Но зачем перекладывать вину на Гросса? Криминалист говорил правду. Вот уже шесть лет, с тех пор как Вертен перестал заниматься уголовными делами и переехал из Граца в Вену, где открыл практику, связанную с завещаниями и опекой, Гросс не переставал твердить, что это ошибка и решение следует пересмотреть.

От невеселых размышлений его избавил шум в коридоре, за которым последовал настойчивый стук в дверь гостиной.

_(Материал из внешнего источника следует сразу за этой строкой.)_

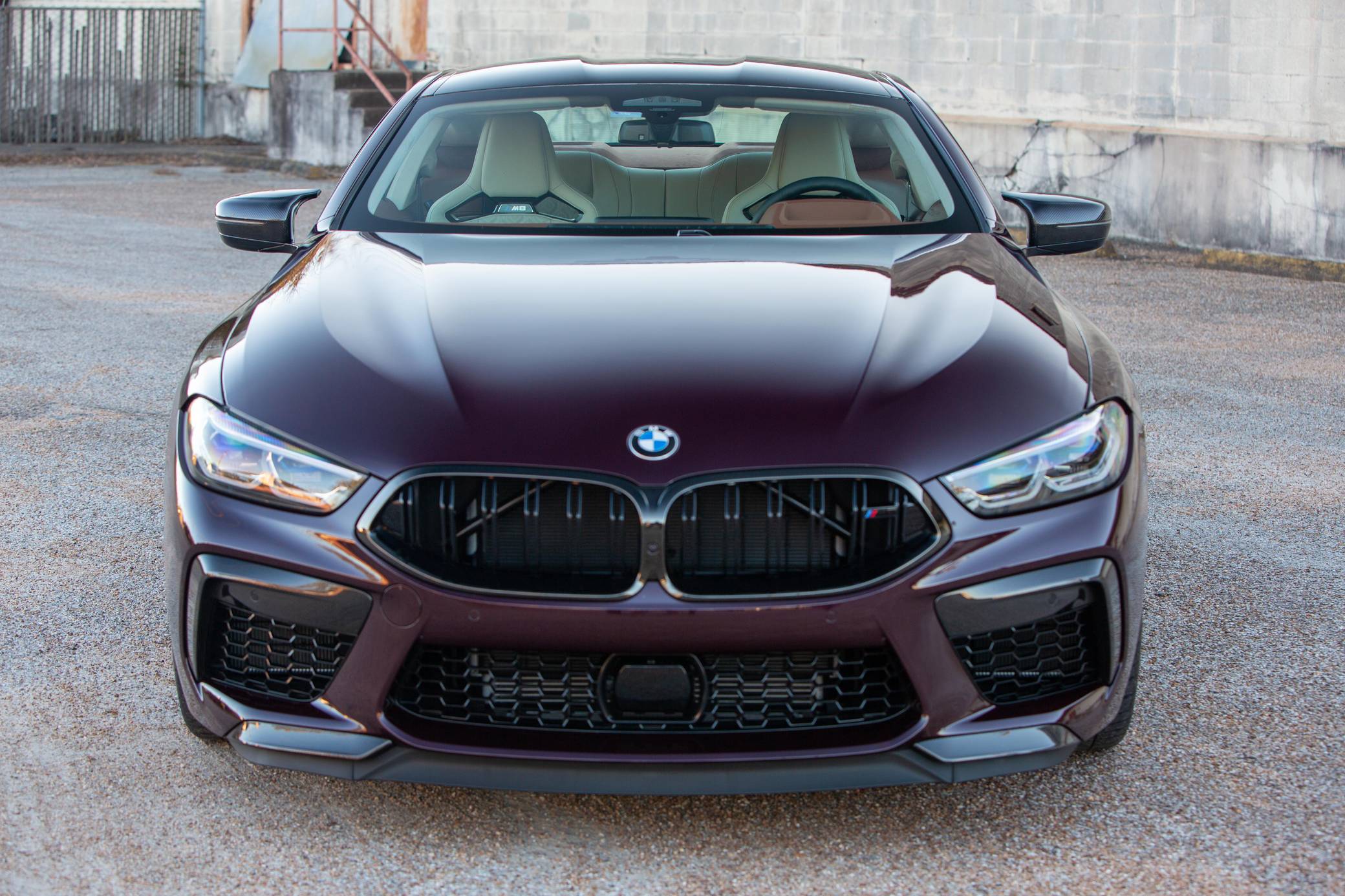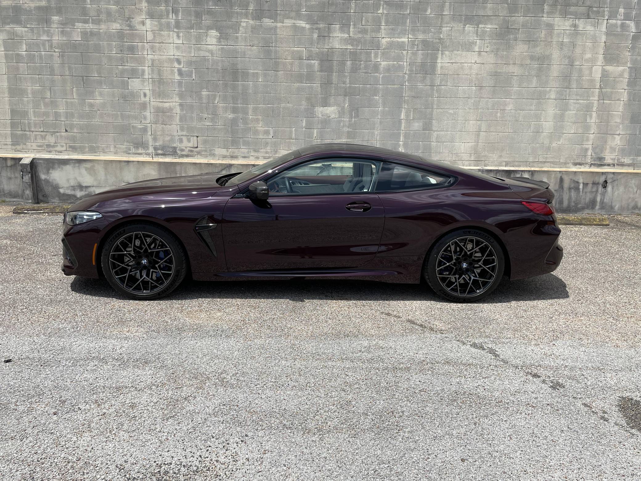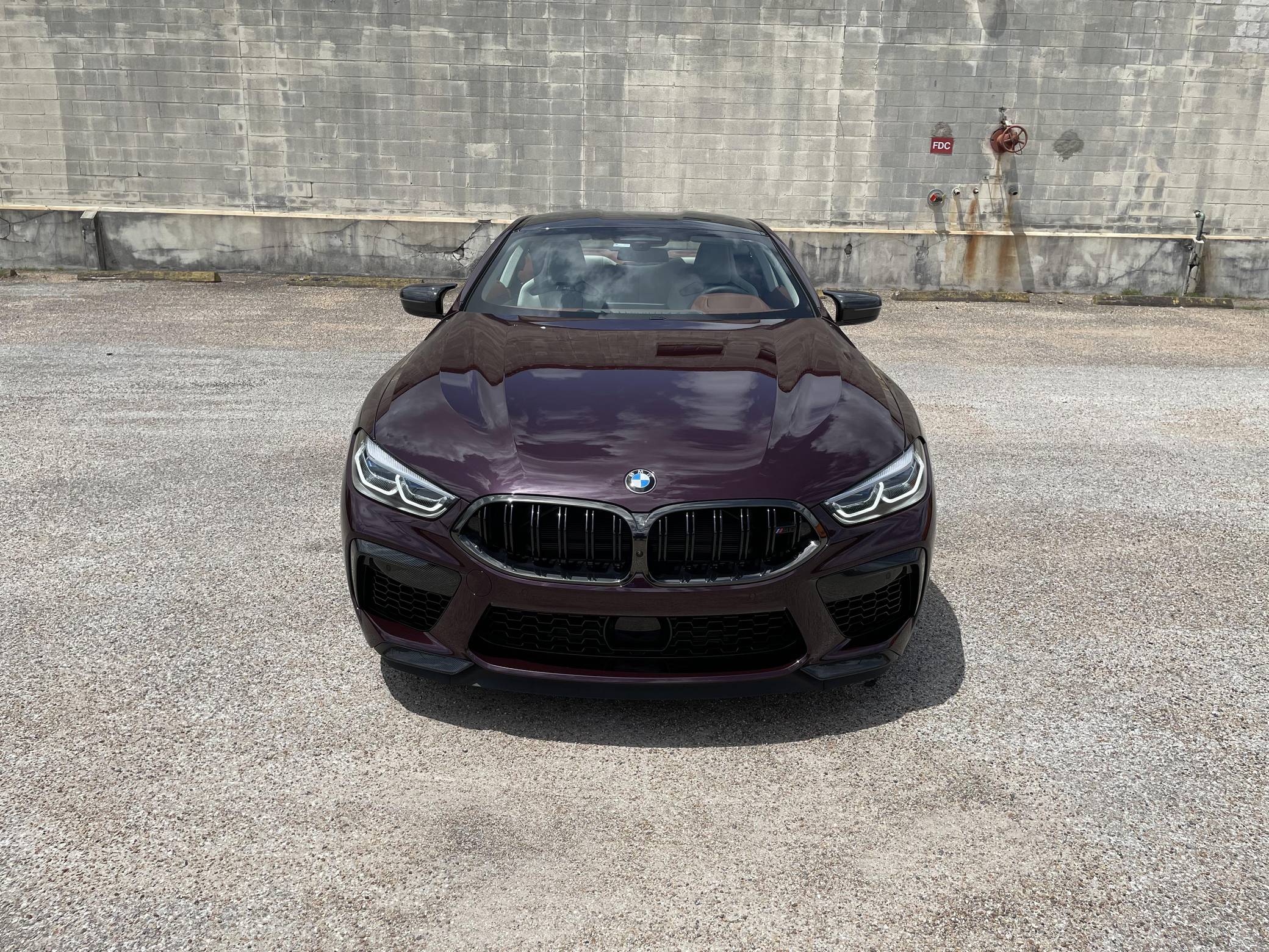 2022 BMW M8 Competition, finished in Ametrin Metallic with an Ivory White and Tartufo interior. The odometer currently indicates approximately 1,000 miles. Equipped with Driving Assistance, Drivers Assistance Pro, M Competition, and M Carbon Exterior Packages, an M Sport Differential, Icon Adaptive LED with Laserlight headlights, a carbon fiber roof, Merino leather upholstery, M carbon bucket seats, Ash Black Silver wood trim, remote engine start, and LED door projectors, among others listed below. The sole modification reported by the seller is paint protection film to the front end. BMW introduced the second generation 8 series for the 2018 model year. Based on the G15 8 Series, the F92 M8 received significant chassis modifications from BMW M earning a different chassis designation compared to the standard car. The M8 is equipped with the xDrive all-wheel-drive system found in the F90 M5. The system is rear-biased in its standard configuration to provide better traction without sacrificing handling, but it can be switched off to make the M8 fully rear-wheel drive. Power comes from a twin-turbocharged "S63" 4. 4-liter V8, rated at 617 horsepower and 553 lb-ft of torque. It powers all four wheels via an 8-speed "M-Steptronic" ZF automatic transmission.

Вертен глянул на часы в корпусе из севрского фарфора на каминной полке. Для первой почты рановато.

— Да?

Дверь медленно отворилась. В гостиную сначала робко заглянула, а затем вошла фрау Блачки. Лицо красное, натруженные руки засунуты в карманы свеженакрахмаленного передника.

— Там человек пришел поговорить с вами, герр доктор.

Он собирался напомнить ей, что часы завтрака для него священны, но дверь распахнулась шире, и в комнату буквально ворвался коренастый, плотный крепыш. Короткие волосы взъерошены, нестриженая борода растрепана. На незваном госте был длинный восточный халат красновато-лилового цвета, на ногах сандалии.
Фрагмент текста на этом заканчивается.